A expressão de uma porosidade emergente que transita entre forças visíveis e invisíveis, se instala em fronteiras que revelam mecanismos capazes de aproximar e registrar o cenário de uma iconografia urbana, em pequenas dimensões e escalas. Essas zonas, mesmo nebulosas e massacradas por uma rotina perversa, se encontram na mira de prováveis espetacularizações midiáticas. Nesse processo, a arte seria capaz de capturar o ato, potencializar o afeto e deslocar a regra?

A arte, nesse sentido, pode ser entendida como um ato de transgressão. Transgredir ganha um sentido importante, pois, em diferentes modos e dimensões, fazer front ao que é imposto pelo sistema (incluindo todo tipo de artefato de vigilância, punição e submissão), é uma forma de resistência.

Na perspectiva de uma sociedade ainda pautada por uma hegemonia eurocêntrica, as cidades inseridas em redes internacionais de negócios, por exemplo, estão recheadas de arquiteturas luminosas e espaços de simulação criados à luz da glamourização da arte. Essa energia direcionada à criação de museus de cultura, hotéis requintados, condomínios fechados ou shopping centers, essas arquiteturas que participam desse tipo de projeto urbano, são quase sempre a regra nos territórios normatizados e controlados pelos poderes oficiais. E a exceção, a linha de fuga, o escape, a resistência, os espaços não codificados? Onde se encontram?

As micro ações advindas de uma micropolítica do cotidiano e a experiência da arte (exceção), nas suas mais diversas manifestações, são potentes ferramentas capazes de provocar rupturas frente aos enunciados normativos (regra) e, consequentemente, estimular novos fluxos de desejo e de emancipação.

É nas trincheiras da arte que se encontram os núcleos de resistência dos mais vigorosos ao rolo compressor da subjetividade capitalista. Não se trata, no entanto, de fazer dos artistas os novos heróis da revolução ou as novas alavancas da história, mas a arte evoca toda uma criatividade subjetiva e imprevisível que atravessa os povos e as gerações oprimidas, os guetos, as minorias, os nômades, os anônimos.

É exatamente aí que reside a potente resistência criativa aos padrões hegemônicos: nessa emergente fonte de energia e inventividade, advinda de uma multiplicidade de manifestações coletivas e de multidões que explodem a cada momento.

Pode-se apontar as lutas minoritárias (micro revoluções moleculares) como uma das principais tendências dos movimentos de resistência na contemporaneidade, em oposição à automação, à normatização, à codificação, à totalização e ao controle, ou seja, à axiomática capitalista e tudo àquilo que escapa ao sistema.

A música, por exemplo, tem a capacidade de captar forças, através de um bloco de sensações (perceptos e afetos) - tornar sonoras forças não sonoras.

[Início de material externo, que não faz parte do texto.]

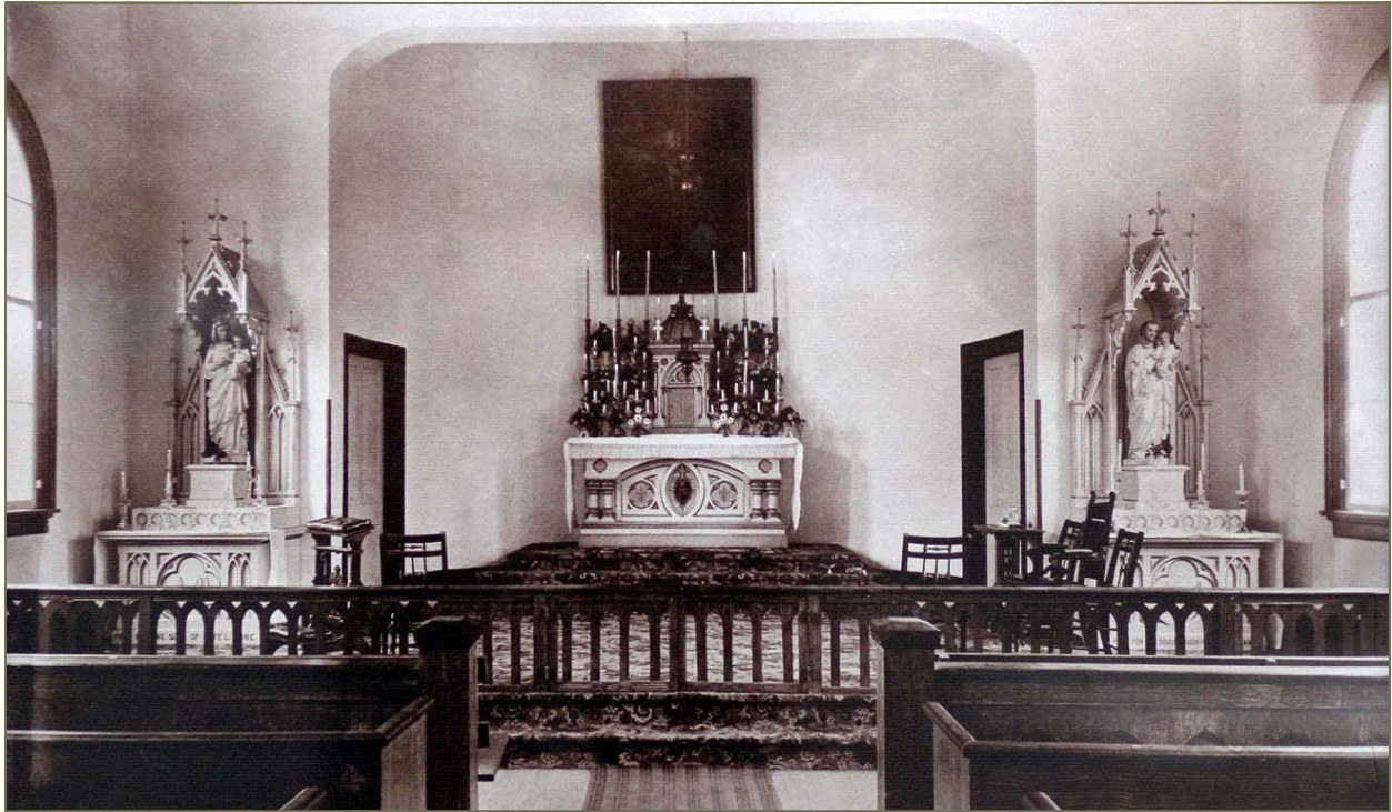
Photo presumed to have been taken prior to 1932 due to the absence of the Crucifix.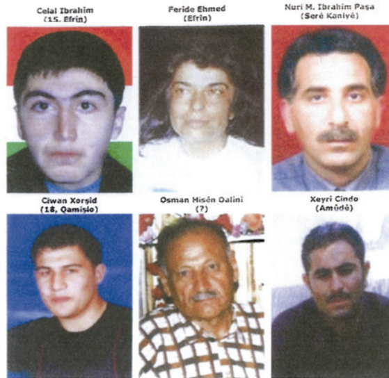
Pictures of some Kurds ages 15-70 years old been shot in the streets of Kurdish cities in western Kurdistan by the Syrian regime on 12-13 March 2004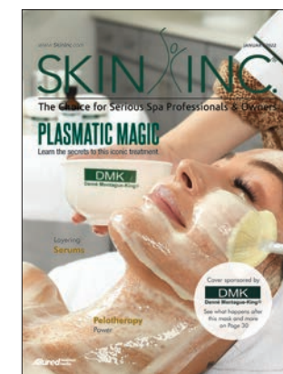
Optional Cover Branding - Circle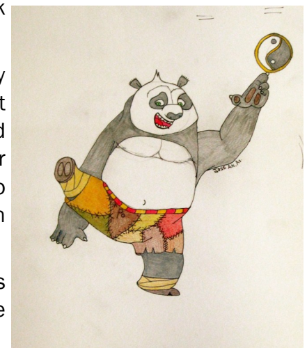
Art Work by Jose Angel Olivares

We can not teach people anything, we can only help them discover it within themselves. ~ Galileo

Assim como a pintura tem a capacidade de tornar visíveis forças não visíveis. Inventar formas, captar forças, vibrações e conversações sonoras – todas essas condições em sua máxima potência podem desencadear um devir sensível nas artes e provocar as mais intempestivas criações.

Entre criações e resistências, as diversas expressões e produções artísticas imbricadas nas artes do fazer, podem funcionar como dispositivos para encontrar as brechas de uma ação política eficaz. E assim, na desobediência civil, em energias pontuais, em curtos-circuitos, nas pequenas guerrilhas culturais em que se faz a disputa dos sentidos, é que o papel dos artistas pode coexistir com essa força que vem das multidões: não mais abrir portas, mas fabricar ferramentas para que cada um possa abrir as suas próprias portas.

Ariadne Moraes

Ariadne Moraes, nascida em Maringá-PR, desembarcou em terras soteropolitanas no início da década de 1980. É arquiteta e urbanista, além de professora e pesquisadora da Faculdade de Arquitetura da UFBA. Ex-produtora e agitadora cultural, foi integrante do coletivo de hipermídia Soononmoon e uma das fundadoras da extinta Rádio D’arq, a primeira rádio universitária da UFBA. Amante das artes e da natureza, transita entre a filosofia, a micropolítica e a resistência criativa!